11 Essex Street Corp.v.11 Essex Street

Supreme Court of the State of New York, New York CountyJan 13, 2006
0600176/1762 (N.Y. Misc. 2006)
0600176/17622006 N.Y. Slip Op. 30066


Dated: January 13, 2006.

In this action for property damage and lost rental income, plaintiff alleges that negligent construction at an adjacent property caused plaintiff's building to collapse partially. Plaintiff alleges that large amounts of earth and bedrock were removed from the adjacent property without taking sufficient precautionary measures to prevent damage to neighboring land and structures. Plaintiff commenced this action against the owner of the adjacent property, and several entities that the owner hired for the construction project: a general contractor/construction manager, two professional engineering firms, and a contractor who performed demolition work.

Pursuant to CPLR 3212, defendant Big Apple Wrecking and Construction Corp. (Big Apple Wrecking), the demolition subcontractor, moves for summary judgment dismissing the complaint. Plaintiff and defendants 7 Essex Street LLC and DeSimone Consulting Engineers oppose the motion, arguing that summary judgment is premature.

As an initial matter, Big Apple Wrecking's motion is brought improperly as Motion Seq. No. 004 in a related case, 11 Essex St. Corp. v Tower Ins. Co. of New York, Index No. 600176/2004. Big Apple Wrecking is not a party to that action, and the two cases were only joined for trial and discovery, not consolidated. However, the court excuses this defect and deems this as a motion made in this action, because Big Apple Wrecking's motion was brought when a decision on the motion to consolidate was still outstanding. The parties in this action are advised to bring all further motions properly under Index No. 110019/2004, and the movant must pay the appropriate fees, including purchase of the Request for Judicial Intervention.

Turning to the merits, Big Apple Wrecking argues that it was not responsible for the damage to plaintiff's building, because it did not perform, manage or supervise the work which plaintiff believes caused the accident. A report from plaintiff's insurance carrier concluded that the damage I was due to the failure of underpinning installed to allow excavation of the adjacent property ( see Showers Affirm., Exs L-M). The Department of Buildings similarly observed that exterior cracks developed in the southwest wall of plaintiff's building due to excavation at the adjacent property ( id., Ex O). However, Big Apple Wrecking submits documentary evidence that it was hired to perform demolition, and not excavation or underpinning ( id., Ex C). Big Apple Wrecking contends that Danna Construction Company (Danna), which is not a party to this action, had the responsibility for "all earthwork," pursuant to Danna's contract with the construction manager ( id., Ex F). Last, Big Apple Wrecking also submits evidence that it completed its work on January 10, 2002, over one month after plaintiff's building allegedly sustained damage (Chasin Aff. ¶ 9; Showers Affirm., Ex H).

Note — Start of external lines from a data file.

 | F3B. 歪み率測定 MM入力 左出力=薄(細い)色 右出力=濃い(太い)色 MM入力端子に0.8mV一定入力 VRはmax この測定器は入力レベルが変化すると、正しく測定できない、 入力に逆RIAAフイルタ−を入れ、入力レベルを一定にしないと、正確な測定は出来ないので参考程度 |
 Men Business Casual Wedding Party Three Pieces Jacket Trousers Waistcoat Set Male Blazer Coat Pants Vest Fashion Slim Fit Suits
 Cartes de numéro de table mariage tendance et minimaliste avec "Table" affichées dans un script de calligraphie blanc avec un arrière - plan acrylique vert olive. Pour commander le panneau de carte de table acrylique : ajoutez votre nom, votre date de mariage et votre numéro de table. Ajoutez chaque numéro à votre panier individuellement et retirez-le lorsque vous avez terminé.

Big Apple Wrecking's motion is denied. It has not met its prima facie case for summary judgment, and granting summary judgment would otherwise be premature. The documentary evidence of the scope of Big Apple Wrecking's work does not establish, as a matter of law, what work it actually did at the site. As its co-defendants point out, depositions have not been taken in this case, and initial written discovery demands are outstanding ( see Groves v Land's End Ilous. Co., 80 NY2d 978, 980). The fact that Danna had responsibility for "all earthwork" at the site does not conclusively rule out whether Big Apple Wrecking's activities could have played a substantial factor in causing damage to plaintiffs building. Big Apple Wrecking only assumes that, given the passage of time, there is no connection to its activities. However, lack of causation in fact cannot be determined as a matter of law until Big Apple Wrecking's activities at the site become known through discovery.

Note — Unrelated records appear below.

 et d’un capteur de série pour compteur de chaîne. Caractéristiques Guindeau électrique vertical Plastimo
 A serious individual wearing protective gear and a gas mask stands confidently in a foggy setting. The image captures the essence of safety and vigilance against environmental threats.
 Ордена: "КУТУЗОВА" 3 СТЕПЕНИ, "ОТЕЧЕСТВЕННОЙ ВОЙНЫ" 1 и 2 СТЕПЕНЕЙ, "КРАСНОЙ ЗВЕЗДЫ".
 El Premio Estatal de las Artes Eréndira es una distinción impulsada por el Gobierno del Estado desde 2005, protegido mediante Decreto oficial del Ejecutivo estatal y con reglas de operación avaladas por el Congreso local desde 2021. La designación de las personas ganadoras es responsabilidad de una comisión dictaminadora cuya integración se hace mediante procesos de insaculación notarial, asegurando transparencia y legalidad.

Finally, Big Apple Wrecking mentions in reply that plaintiff and defendant Berzak Gold P.C. have signed a stipulation of discontinuance of the action as against Big Apple Wrecking. If plaintiff discontinues its claims against Big Apple Wrecking, it appears that many of the cross claims of the co-defendants would be dismissed as well, for those cross claims are based on common-law indemnification. However, this stipulation is not effective because not all the attorneys of record for the parties to this action have executed the stipulation (CPLR 3217 [a] [2]; C. W. Brown, Inc. v HCE, Inc., 8 AD3d 520, 521 [2nd Dept 2004]). Thus, if plaintiff wishes to withdraw its claims against Big Apple Wrecking, it must seek a court order (CPLR 3217 [b]).

Accordingly, it is hereby

ORDERED that the motion for summary judgment by defendant Big Apple Wrecking and Construction Corp. is denied, with leave to renew after completion of all discovery; and it is further

ORDERED that copies of this decision and order shall be filed with the County clerk under 11 Essex St. Corp. v 7 Essex St, LCC et al, Index No. 110019/2004.